All four officers, who also serve as Southfield firefighters, had their licenses suspended by the State of Michigan. They were also were put on paid administrative leave pending an investigation, city of Southfield officials said.
License suspension documents obtained by The Associated Press revealed that Storms provided inaccurate vital signs and other physical descriptions, and neglected to use a stethoscope to determine circulation or signs of respiration at any time during the evaluation. He did, however, use a monitor that clearly showed Beauchamp had not died, but instead, assured the family that the breathing they were witnessing was nothing more than a side-effect of medication she was on.
In response, the four emergency medical technicians and paramedics have filed a lawsuit against state and local officials, alleging their medical licenses were suspended without due process.
Southfield Fire Chief Johnny Menifee has also defended his crew, insisting that each had followed protocol and administered lifesaving aid as required.
‘They feel terrible. They can’t imagine how this possibly had happened. They’re emotionally upset,’ Menifee said of the officers in August. ‘What transpired with Ms Beauchamp is unique and unsettling, we know there is evidence out there that this sort of thing happened before.’
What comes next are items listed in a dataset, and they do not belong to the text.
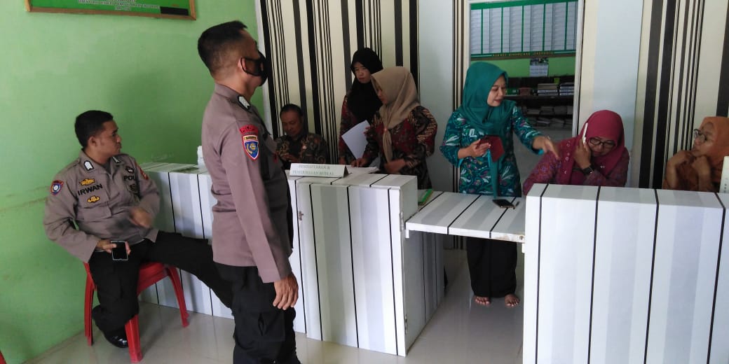 Dipimpin Kanit Binkamsa Aiptu Suparman beserta Kanit Bhabinkamtibmas Bripka Ridwan, S, Sos.i dan Kanit Binpolmas Bripka Irwan melaksanakan patroli dialogis dan binluh kepada Pegawai dan pengunjung kantor KUA Kabupaten Jeneponto, Rabu (6/4/2022)
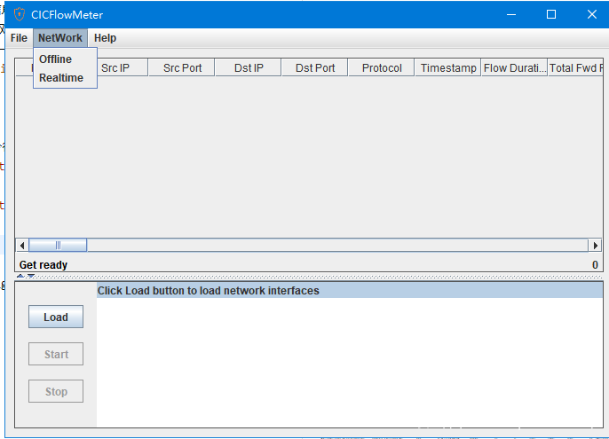 可以选择离线模式和实时模式。离线模式与命令行模式相同,选择pcap包,展示抓取的特征。实时模式则实时抓取流量展示抓取的特征。如图所示:
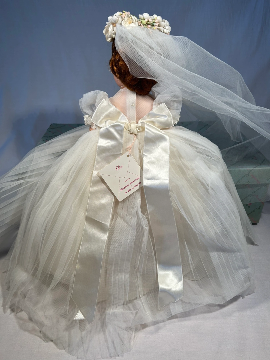 Collectible, pristine brunette Elise bride doll. All jewelry, undergarments, shoes & accessories are in perfect condition. Blue eyes open & close. All joints bend. Original box & tag, including packing materials & tissue. Purchased at Marshall Field & Company - State Street store - Christmas 1958. Special and very beautiful keepsake. Most certainly can be played with! *Have same doll in same condition with same dress BUT pale pink. FIRM PRICE Cash only, plz.
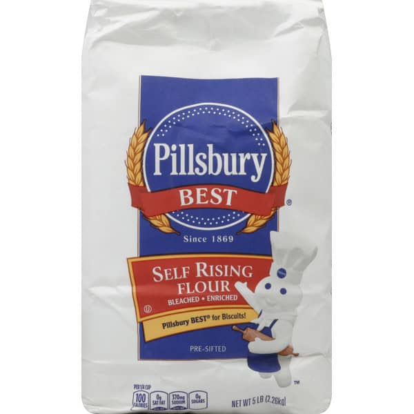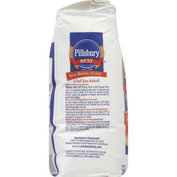 Since 1869. Pre-sifted. Pillsbury Best for biscuits! Per 1/4 Cup: 100 calories; 0 g sat fat (0% DV); 370 mg sodium (16% DV); 0 g sugars. Glad You Asked! What is Self Rising Flour? Pillsbury Best Self Rising Flour is All Purpose Flour with 1-1/2 teaspoons baking powder and 1/2 teaspoon salt added per cup of flour. It is ideal for making biscuits, muffins, cakes and pastries. It should not be used for yeast bread baking. How Can Self Rising Flour Be Used? In most recipes calling for baking powder, Self Rising Flour can be substituted for All Purpose Flour by omitting the baking powder and salt. Questions or Comments? 1-800-767-4466 weekdays 9am-7pm (EST). Package information will be helpful when contacting us. Visit us at pillsburybaking.com. 100 calories per 1/4 cup.

While Menifee declined to speculate how Beauchamp was revived after showing no signs of life, he invoked the so-called Lazarus syndrome or phenomenon, which is defined as a delayed return of spontaneous circulation after CPR has stopped. It is named after Lazarus of Bethany, who according to the Bible was resurrected by Jesus Christ four days after his death.
However, the Beauchamp family’s suit accuses Menifee’s department of negligence. The suit claims Storms had stopped CPR for five minutes before calling a physician at Ascension Providence Hospital in Southfield for permission to do so.
Storms is then accused of providing the physician with erroneous information that led to Beauchamp wrongfully being pronounced dead.
Prior to halting CPR, a monitor showed electrical activity, the lawsuit states. It also claims that after concluding that Beauchamp was dead, none of the four first-responders at the scene tried to verify circulation or listen for breath sounds ‘despite CO2 levels indicating respiration.’
EMT’s & Paramedics culpability
When asked last month if Beauchamp’s disability played a role in the erroneous declaration of death, Fieger said it was very likely.
‘She’s been disabled since birth. She requires constant care,’ the attorney said. ‘I believe her relatively fragile condition probably contributed to the false belief by the authorities she had deceased. My guess is it certainly played some role.’
Menifee pushed back against Fieger’s claim, saying that his firefighters are ‘very professional.’
He continued: ‘I’ve never had an issue with any firefighter looking at any diversity issued with a patient.. we pride ourselves on delivering the best service for every citizen.’
The family’s four-count lawsuit alleges violation of the 14th amendment by the four first-responders, intentional infliction of emotional distress by all defendants, gross negligence and wanton/willful misconduct by the four first-responders, and further liability by the City of Southfield.
The defendants have 21 days from receipt of the summons to respond to the suit.